February 16, 2010

RI school superintendent fires entire staff at failing school

Every now and then a true hero steps forward and does the right thing. Let's hope someone in Michigan reads this and does the same thing. Good for her.

The situation already looked explosive. A Rhode Island high school had a 50% failure rate in a depressed town with high unemployment and a median wage of $22,000 per family. The union representing the teachers, who averaged over $70,000 per year in income, refused the superintendent’s plans to improve the school by extending the work day by 25 minutes and requiring teachers to provide tutoring on a rotating basis. The superintendent summoned her inner Reagan and fired them all, from the administrators to the last instructor (via Instapundit):

Her plan calls for teachers at a local high school to work 25 minutes longer per day, each lunch with students once in a while, and help with tutoring. The teachers’ union has refused to accept these apparently onerous demands.
The teachers at the high school make $70,000-$78,000, as compared to a median income in the town of $22,000. This exemplifies a nationwide trend in which public sector workers make far more than their private-sector counterparts (with better benefits).
The school superintendent has responded to the union’s stubbornness by firing every teacher and administrator at the school.
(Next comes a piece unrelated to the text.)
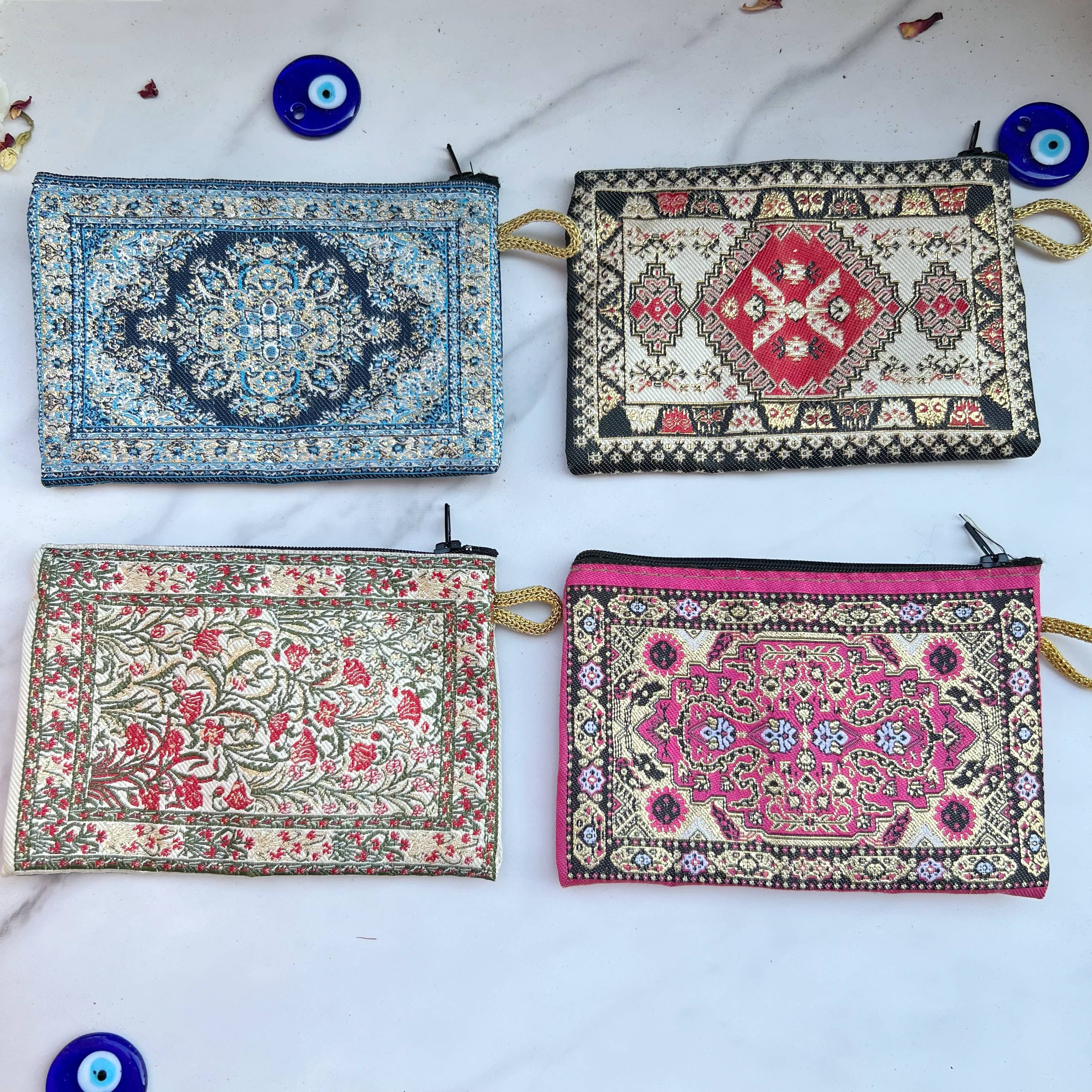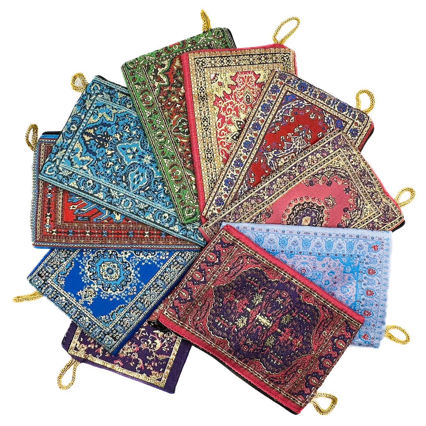 The genie's magical carpet coin purse is not only a beautiful and functional accessory, but it is also a symbol of good luck and fortune. According to Middle Eastern mythology, genies are supernatural beings that possess magical powers and can grant wishes to those who possess their lamp or other belongings. The carpet design on the exterior of the purse is inspired by the magical flying carpet that Aladdin's genie used to transport the hero and his princess love interest! Our magical purse is functional also! The compact size of this coin purse makes it easy to carry in your pocket, while still providing ample storage for your coins, cash, and cards, or Tarot cards. Experience the magic and mystery of Aladdin's genie, as well as bring good luck and fortune into your life! Package content: 1 case contains an assortment of 12 coin purses. Purse Size(Approx): 6"x 4" Made with positive vibes in mind

Let’s agree on a few things first. The 50% failure rate is certainly abysmal, but considering the poverty in the town, perhaps not completely related to academics. That kind of poverty creates pressure on employment-age teens to find work, although in this economy, the work would be hard to find. There may also be families escaping from the area to find work elsewhere; that may or may not have an impact on graduation rates. As for the salaries of the teachers, one has to view that in terms of competitive labor, as getting good teachers will necessarily cost more than getting cheap teachers, and probably would have an impact on those graduation rates, with all other things being equal.
However, it’s hard not to draw the conclusion that the teachers and administration at this school are a big part of the problem. Asking teachers making three times the average of the town’s median income to contribute an extra 25 minutes a day to rescue students in obvious failure does not seem like an outrageous request. The two-week summer training period may have infringed on their vacation plans, but their school faced an existential crisis, and their students were being doomed to a lifetime of competitive handicaps. One may have thought that teachers and administrators would have a sense of mission, rather than a sense of entitlement, especially considering the failure to which they had all contributed at least in part.
This is a good argument for getting unions out of the public-employee business altogether. Not only does the marriage of unions and the public sector create too much of an impulse to expand bureaucracies, it twists the priorities away from public service and towards entitlement thinking. To their credit, most educators, law enforcement, and emergency response personnel successfully resist that impulse, but this jaw-dropping standoff in Rhode Island shows that it does exist.

2 comments:

Anonymous said...

I would rather give Uncle Slymie a colonoscopy with my tongue than read any more of this reactionary, rabid right wing rubbish.

Just your under average blogger said...

Well then I suggest you close your eyes and stick out your tongue, or, find another blog to read.